With both ends included, repeat exactly the lines of the entries below from the one containing "Skidskytteungdomar och ledare." down to the one containing "Kontakta Älvsbyns kommun, tfn", and no others.

[Input data]:
__________________________________________________
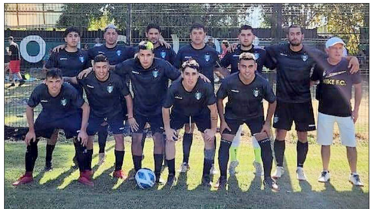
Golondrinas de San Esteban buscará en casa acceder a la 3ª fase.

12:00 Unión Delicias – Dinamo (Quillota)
__________________________________________________
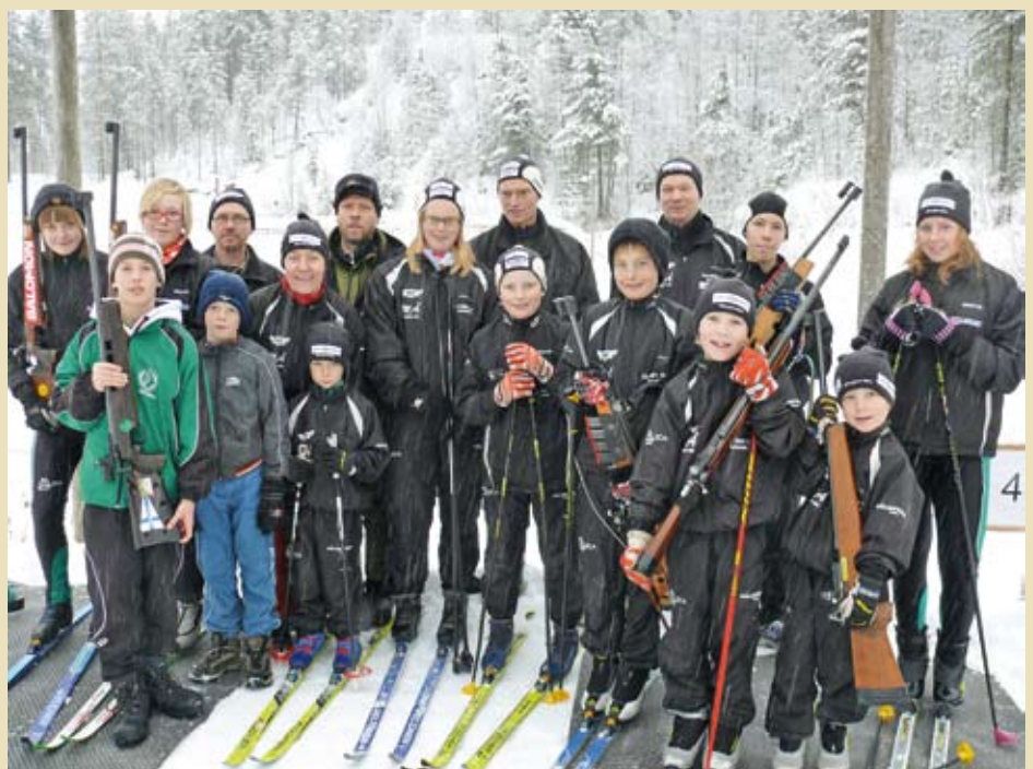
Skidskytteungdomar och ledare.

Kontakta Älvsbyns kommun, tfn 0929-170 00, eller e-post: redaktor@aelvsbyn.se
__________________________________________________
[Task response]:
Skidskytteungdomar och ledare.

Kontakta Älvsbyns kommun, tfn 0929-170 00, eller e-post: redaktor@aelvsbyn.se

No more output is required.